News organizations Politico and Slate have included the 36-year senator among prospects to replace David Petraeus, who resigned from the helm at the CIA last week after acknowledging an extramarital affair with his biographer.
And the websites for the American Spectator and the Moderate Voice have speculated about Lugar’s chances to succeed Hillary Rodham Clinton, who plans to step down as secretary of state before President Obama’s second term begins.
Lugar spokesman Andy Fisher dismissed the guessing game involving his boss, a former chairman of the Senate Foreign Relations Committee and its top-ranking Republican.
There has not been any contact from the (Obama) administration, Fisher said Tuesday in an email. This is typical speculation that comes up every time these positions are open, and there is never any knowledgeable basis to the speculation.
A former Lugar aide said the CIA post seemed a more likely fit for the Hoosier senator.
Remember, Mark Helmke wrote in an email, he started as a Navy intelligence briefer and long served on the Senate Intelligence Committee.
Michael Morrell, the deputy director of the CIA, is believed to have the inside track on the CIA job.
Helmke, who teaches communications at Trine University, said Lugar, on several occasions let it be known in the 1990s that he would not be President Bill Clinton’s secretary of state if he were asked.
No offer was directly made because Lugar sent the signal he was not interested, Helmke said. I presume he is still not interested, and made sure the Obama administration knows that.
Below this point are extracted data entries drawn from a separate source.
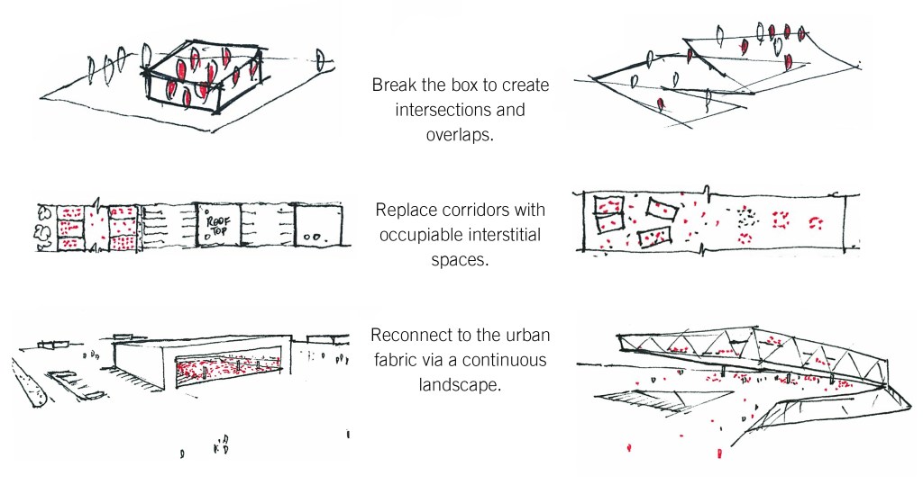 As these studies proceeded, however, the site itself remained in flux. Detailed site studies provided the team with new constraints while necessary infrastructural improvements impacted the site in a number of ways:
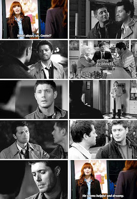 E claro, não teve somente a cena da mix tape, teve a cena do Dean atacando o anjo - empurrando contra a parede, na verdade -, mais uma cena em que Castiel poderia ter morrido, uma cena de 'You're hurt' ("você está machucado"), Dean justificando sua raiva com Cass - mas não deixando mais ninguém ficar bravo com o anjo - e MAIS OLHARES!
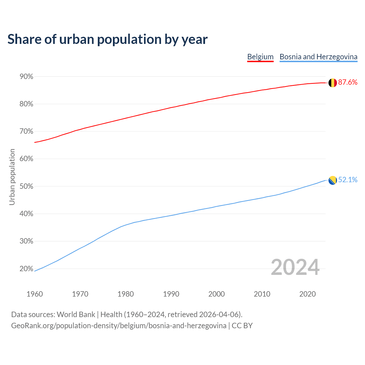 From 2004 to 2024, the share of urban population changed from 83.3% to 87.6% in Belgium and from 43.8% to 52.1% in Bosnia and Herzegovina.

The smart money is on either Susan Rice, the ambassador to the United Nations, or Sen. John Kerry, D-Mass., to replace Hillary Rodham Clinton. But Lugar’s name has been thrown around, too, in part because Obama considered Lugar a foreign policy mentor when both were in the Senate.
Mark Daniels wrote Tuesday on the Moderate Voice website that the selection of Lugar as secretary of state would move beyond symbolism to substance while underscoring (Obama’s) commitment to foreign policy realism.
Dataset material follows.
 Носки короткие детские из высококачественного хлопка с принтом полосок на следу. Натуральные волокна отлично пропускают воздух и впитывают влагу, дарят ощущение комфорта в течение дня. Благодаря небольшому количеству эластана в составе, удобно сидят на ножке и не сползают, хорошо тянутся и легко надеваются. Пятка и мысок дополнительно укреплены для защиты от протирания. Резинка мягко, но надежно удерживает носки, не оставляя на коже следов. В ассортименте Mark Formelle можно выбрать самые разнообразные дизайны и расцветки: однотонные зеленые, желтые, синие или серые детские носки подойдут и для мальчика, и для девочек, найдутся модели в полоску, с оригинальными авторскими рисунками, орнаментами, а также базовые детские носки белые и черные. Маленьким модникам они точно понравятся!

Daniels described Lugar, 80, as an old pro on the international scene. He wrote that Lugar’s age would not be a problem because the six-term senator is an avid runner.
Therese Postel of the Century Foundation has listed Lugar among the sleeper picks to succeed Hillary Rodham Clinton.
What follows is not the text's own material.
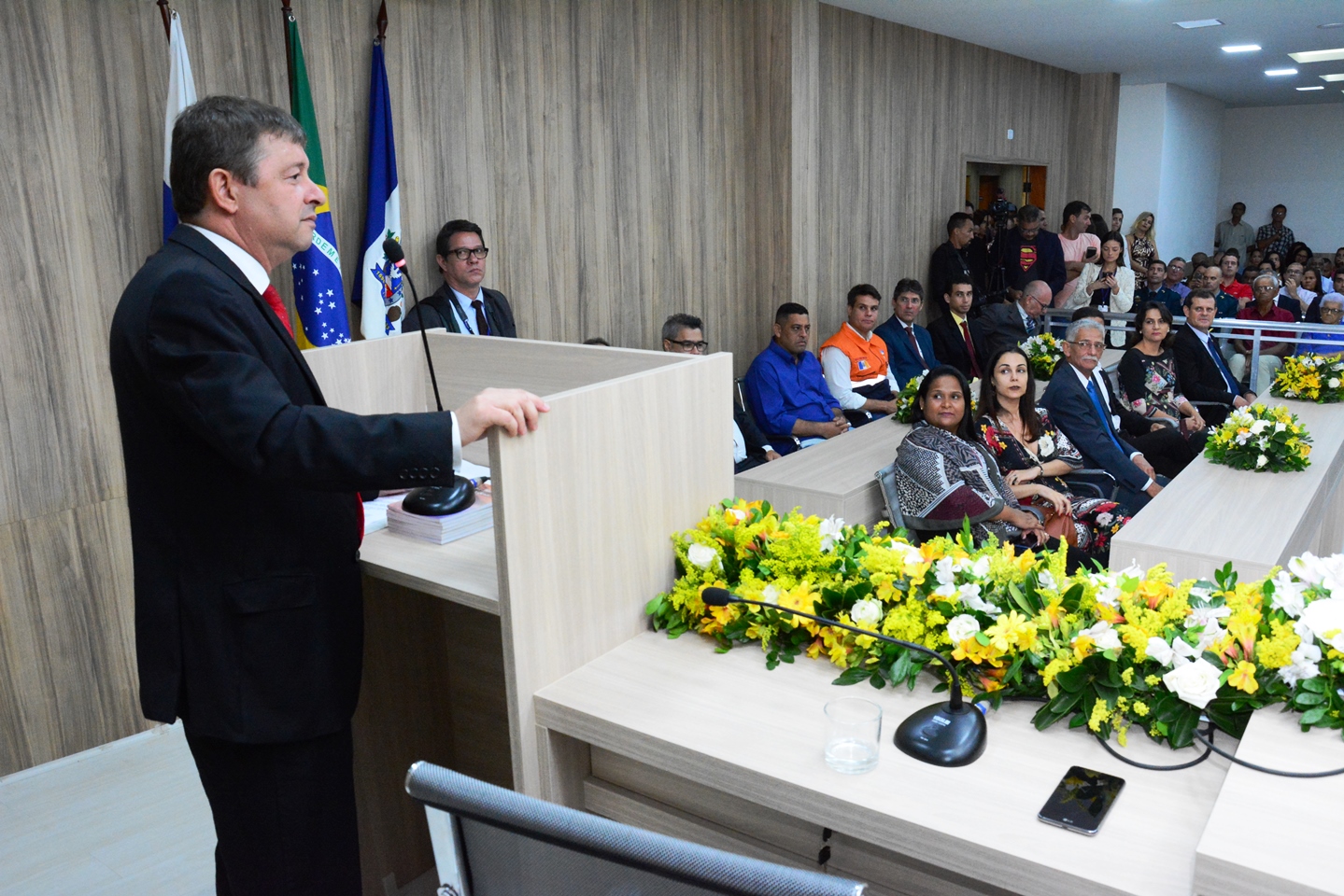 Casa cheia na sessão solene da Câmara de vereadores de ItaboraíO evento contou ainda com a presença dos vereadores, Marcos Araújo, Bil, Joana Lage, Paulo Alves, Elber Correa, Agnaldo Coutinho, Renato Garcia, Roberto Costa, Eneas, Rogério Filgueiras e Paulo Ney. Além dos secretários municipais de Governo e chefe de Gabinete, Jorge Antônio Dias; de Habitação e Políticas Sociais, Monica Virgilio; de Planejamento, José Fernando Soares; de Segurança e Defesa Civil, Luiz Alberto Mendonça; o controlador geral do município, Joaquim Gama e o procurador geral do município, Dr. Antônio Dias. E ainda o comandante do 35º Batalhão de Polícia Militar, o tenente-coronel Marcelo Henrique Guimarães, subsecretários municipais, autoridades e outros.

His nomination would be a remarkable reach across the aisle and a tangible effort by President Obama to heal divisions between the two parties, Postel wrote Friday.
Talk about Lugar as a prospective secretary of state pick started shortly after he lost the May 8 Republican primary election to state Treasurer Richard Mourdock, who was defeated in the Nov. 6 general election by Rep. Joe Donnelly, D-2nd.
In May, the American Spectator’s Wlady Pleszcyznski noted that, as far back as 1994, New York Times columnist William Safire had called Lugar somebody’s next Secretary of State.
Meanwhile, Evan Bayh, a former Indiana governor and U.S. senator, said Tuesday he is not seeking an appointment in the second Obama administration.
I’m not looking for a job or anything like that here today, Bayh said on C-SPAN’s Washington Journal in response to a question. Look, I would be happy to serve my country or talk about it seriously if any president called me.
Bayh said he was flattered to be considered (for) vice president by Obama before his election in 2008.